9.6.  Extract Font Information to XML

As described in chapter 3.12: “Fonts” fonts are a topic which need to be tested. Information about fonts can be extracted using the utility ExtractFontInfo. This generated file shows you, how PDFUnit sees the fonts.

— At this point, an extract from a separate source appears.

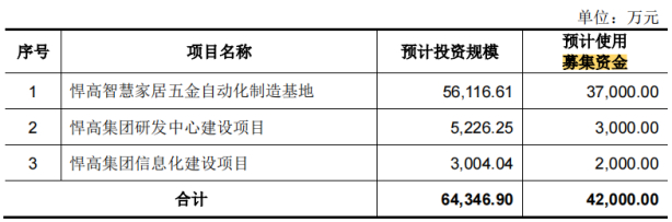 招股书显示,此次IPO,悍高集团计划募集资金4.2亿元,其中3.7亿元用于悍高智慧家居五金自动化制造基地,3000万元用于悍高集团研发中心建设项目,2000万元用于悍高集团信息化建设项目。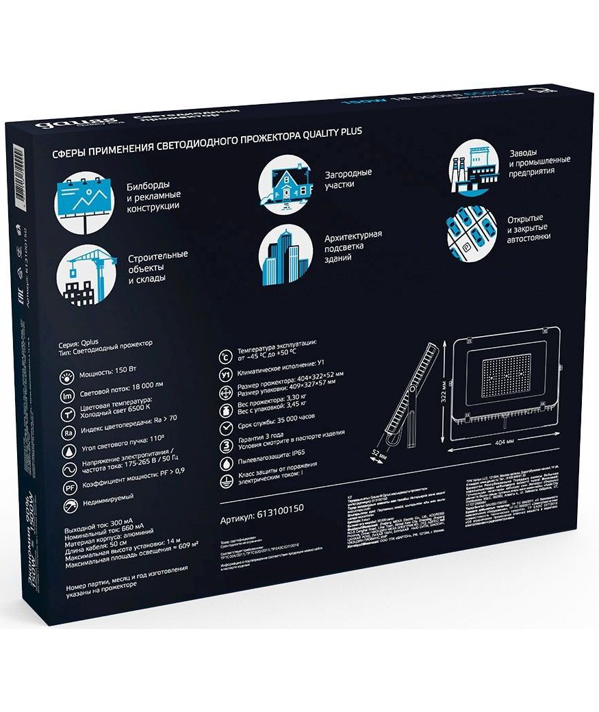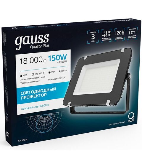 Прожектор уличный светодиодный Gauss Qplus 150Вт черный [613100150]

The algorithm that generates the XML file is the same as the one used by the PDFUnit tests.

Program Start

::
:: Extract information about fonts of a PDF document into an XML file
::

@echo off
setlocal
set CLASSPATH=./lib/aspectj-1.8.7/*;%CLASSPATH%
set CLASSPATH=./lib/bouncycastle-jdk15on-153/*;%CLASSPATH%
set CLASSPATH=./lib/commons-collections4-4.1/*;%CLASSPATH%
set CLASSPATH=./lib/commons-logging-1.2/*;%CLASSPATH%
set CLASSPATH=./lib/pdfbox-2.0.0/*;%CLASSPATH%
set CLASSPATH=./lib/pdfunit-2016.05/*;%CLASSPATH%

set TOOL=com.pdfunit.tools.ExtractFontInfo
set OUT_DIR=./tmp
set IN_FILE=fonts_11_japanese.pdf
set PASSWD=

java  %TOOL%  %IN_FILE%  %OUT_DIR%  %PASSWD%
endlocal

Input

For the Japanese PDF document fonts_11_japanese.pdf the Adobe Reader® shows the following fonts:

Output

The output file _fontinfo_fonts_11_japanese.out.xml contains the underlined names:

<?xml version="1.0" encoding="UTF-8" ?>
<fonts>
  <font basename="Arial-BoldMT"       name="Arial-BoldMT"      
        type="TrueType"               vertical="false"          embedded="false" />
  <font basename="ArialMT"            name="ArialMT"           
        type="TrueType"               vertical="false"          embedded="false" />
  <font basename="Century"            name="MEEADE+Century"    
        type="TrueType"               vertical="false"          embedded="true"  />
  <font basename="HGPGothicE"         name="MFHLHH+HGPGothicE" 
        type="Type0"                  vertical="false"          embedded="true"  />
  <font basename="MS-Gothic"          name="MDOLLI+MS-Gothic"  
        type="Type0"                  vertical="true"           embedded="true"  />
  <font basename="MS-Gothic"          name="MDOLLI+MS-Gothic"  
        type="Type0"                  vertical="false"          embedded="true"  />
  <font basename="MS-Mincho"          name="MEOFCM+MS-Mincho"  
        type="Type0"                  vertical="false"          embedded="true"  />
  <font basename="MS-PGothic"         name="MDOMCG+MS-PGothic" 
        type="Type0"                  vertical="false"          embedded="true"  />
  <font basename="MS-PGothic"         name="MDOMCG+MS-PGothic" 
        type="Type0"                  vertical="true"           embedded="true"  />
  <font basename="MS-PMincho"         name="MEKHMP+MS-PMincho" 
        type="Type0"                  vertical="false"          embedded="true"  />
  <font basename="TimesNewRomanPSMT"  name="TimesNewRomanPSMT" 
        type="TrueType"               vertical="false"          embedded="false" />
</fonts>

Because the XML file contains all subsets of a font it might differ from what Adobe Reader® shows.